ACTIVITY:
If a picture appears among the records, leave it out and set down everything else exactly as it stands.

GIVEN RECORDS:
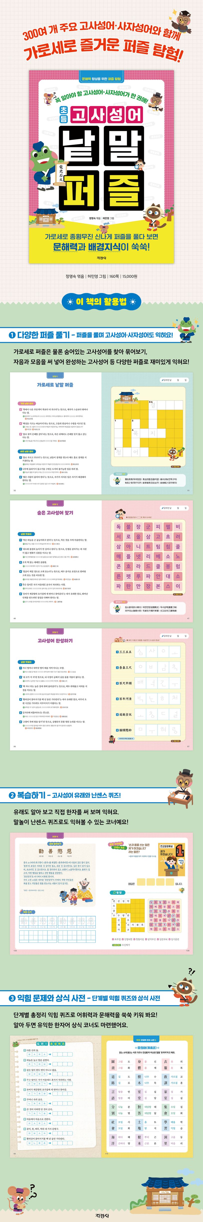 이 책은 300여 개의 주요 고사성어·사자성어를 뽑아 가로세로 퍼즐 모형에 담았어요. 글자들 속에 숨은 정답 찾기, 초성 퀴즈, 낱말 잇기 등 흥미로운 놀이북처럼 구성했지요.
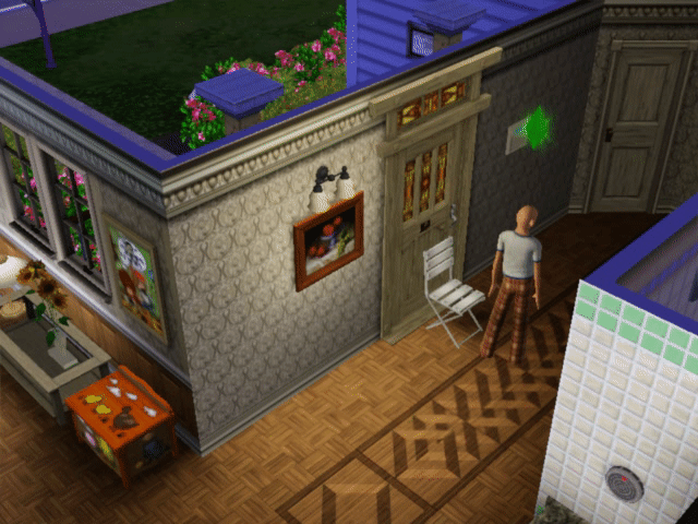 The carpool has arrived to take this Sim to work; observe how he finds himself trapped in the house by a folding lawn chair. Take this into consideration next time you have to attend a class you hate; put a small object in front of your door and spend the next three days stomping your foot and waving in exasperation.
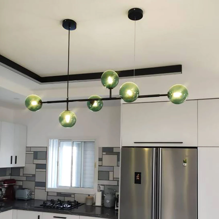 Nordic dining room pendant light modern 6 light black metal green glass hanging lamp restaurant bar kitchen suspension luminaire
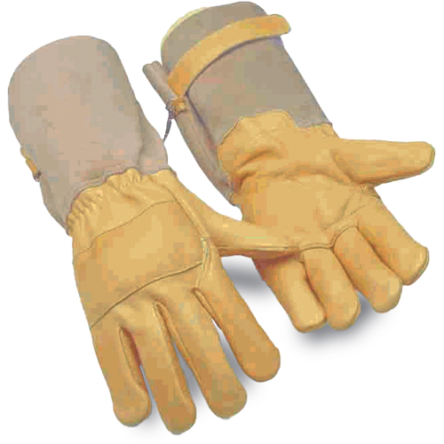 Rukavice s dlaní a hřbetem z nejkvalitnější lícové usně s vodoodpudivou a ohnivzdornou úpravou. Výztuž z lícové kůže s vodoodpudivou úpravou na zádech. 16 cm dlouhá bezpečnostní manžeta ze štípenky s vodoodpudivou úpravou. Šité kevlarovou® nití. 15 cm Kevlar® manžeta. Kevlar® podšívka na dlani. Nastavení lepícího pásku na bezpečnostní manžetě.
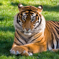 The image shows a tiger resting on the grass. It appears to be in a calm and relaxed state, with its eyes closed as if it's sleepy or simply taking a moment of leisure.
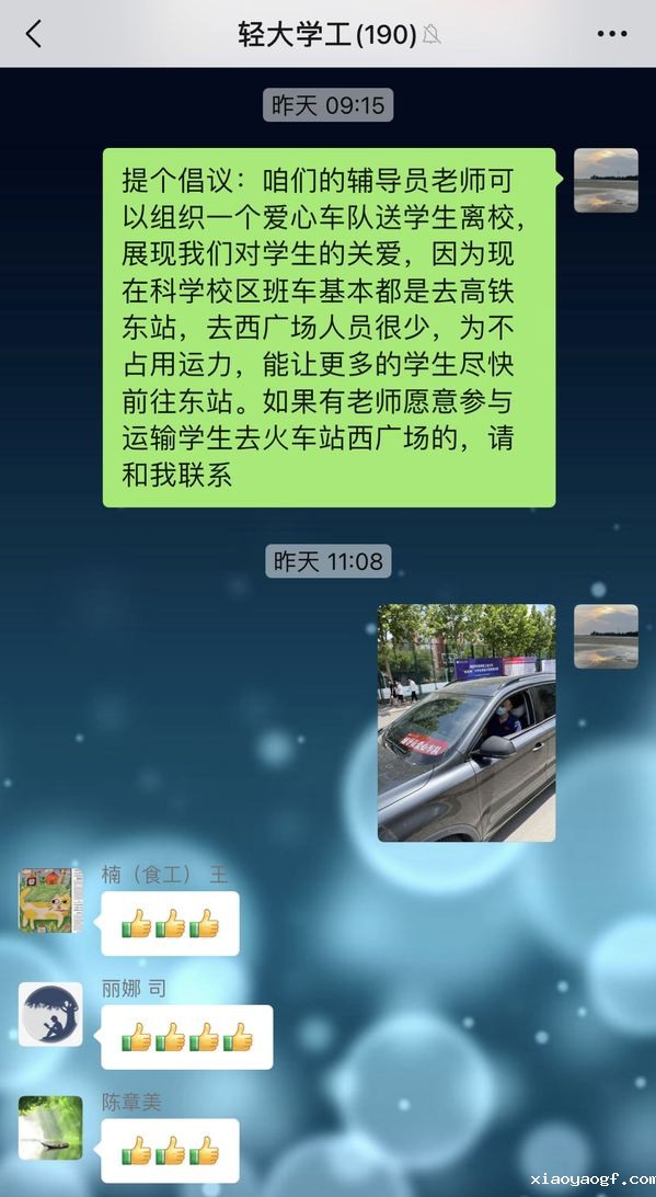 在短短二十分钟里,群内的辅导员们就自发组成了辅导员爱心车队,将学生安全、快速的送往目的地。

EXPECTED ANSWER:
 이 책은 300여 개의 주요 고사성어·사자성어를 뽑아 가로세로 퍼즐 모형에 담았어요. 글자들 속에 숨은 정답 찾기, 초성 퀴즈, 낱말 잇기 등 흥미로운 놀이북처럼 구성했지요.
 The carpool has arrived to take this Sim to work; observe how he finds himself trapped in the house by a folding lawn chair. Take this into consideration next time you have to attend a class you hate; put a small object in front of your door and spend the next three days stomping your foot and waving in exasperation.
 Nordic dining room pendant light modern 6 light black metal green glass hanging lamp restaurant bar kitchen suspension luminaire
 Rukavice s dlaní a hřbetem z nejkvalitnější lícové usně s vodoodpudivou a ohnivzdornou úpravou. Výztuž z lícové kůže s vodoodpudivou úpravou na zádech. 16 cm dlouhá bezpečnostní manžeta ze štípenky s vodoodpudivou úpravou. Šité kevlarovou® nití. 15 cm Kevlar® manžeta. Kevlar® podšívka na dlani. Nastavení lepícího pásku na bezpečnostní manžetě.
 The image shows a tiger resting on the grass. It appears to be in a calm and relaxed state, with its eyes closed as if it's sleepy or simply taking a moment of leisure.
 在短短二十分钟里,群内的辅导员们就自发组成了辅导员爱心车队,将学生安全、快速的送往目的地。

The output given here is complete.